2 Feu d’artifice tiré à l’aube, s. d., vers 1976, technique mixte, montage sur carton bistre, 50 x 70 cm. Vénus prête son poing efficace à la révolution féministe.
> 3 Groupe familial attendant l’autoroute, 1975-1976, acrylique et technique mixte sur toile, 100 x 100 cm. Personnes et paysage phantasmatiques dans un environnement lacustre.

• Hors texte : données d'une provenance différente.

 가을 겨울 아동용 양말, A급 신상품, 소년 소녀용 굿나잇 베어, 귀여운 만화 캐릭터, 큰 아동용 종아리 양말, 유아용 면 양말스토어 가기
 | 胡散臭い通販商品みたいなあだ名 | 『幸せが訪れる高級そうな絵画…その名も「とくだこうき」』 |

La notion de collage provient des aventures du surréalisme. Le collage est copulation, autocélébration, compilation d’une foultitude d’images oniriques, érotiques. Le collage est ouvert à la poétique de l’aléatoire9. Quant à l’opération de montage, elle procède par assemblage de plusieurs composantes. La métaphore mécanique du montage force à préméditer le choix des composantes en fonction de la poursuite d’un résultat. Dans le champ des avant-gardes internationales, le français montage est repris en allemand, en russe, en anglais. Il s’applique le plus souvent à la photographie. On parle alors de photomontage. L’usage du négatif permet d’obtenir un effet d’homogénéité, sans couture apparente entre les parties. Par analogie, le montage existe en peinture. En raison de la rationalité qui préside au choix des composants, le montage est l’antipode du collage (Fig. 4 et 5).
Giampietro Fontana expérimente les possibilités expressives du montage à travers les 24 planches de sa recherche sur l’Architecture italienne des années 1960. Attaché à l’iconographie de la tour de Babel, il produira d’autres séries qui évoqueront l’architecture de Zurich et l’architecture du canton de Vaud.

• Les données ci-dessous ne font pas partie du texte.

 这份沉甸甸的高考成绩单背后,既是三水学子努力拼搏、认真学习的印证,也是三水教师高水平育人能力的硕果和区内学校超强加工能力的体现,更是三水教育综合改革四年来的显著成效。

4 PGR, Groupe avec CRS à la dérive, 1978. Montage en citation du Radeau de la Méduse de Théodore Géricault. Dans le catalogue de l’exposition à la galerie Numaga d’Auvernier, en octobre 1979,
Enrico Castelnuovo écrit : Ce sont des notables, comme sortis d’un roman de Sciascia, réunis ici sur un radeau, rassemblés là dans un gigantesque ex-voto bourgeois, pour témoigner de la grâce reçue.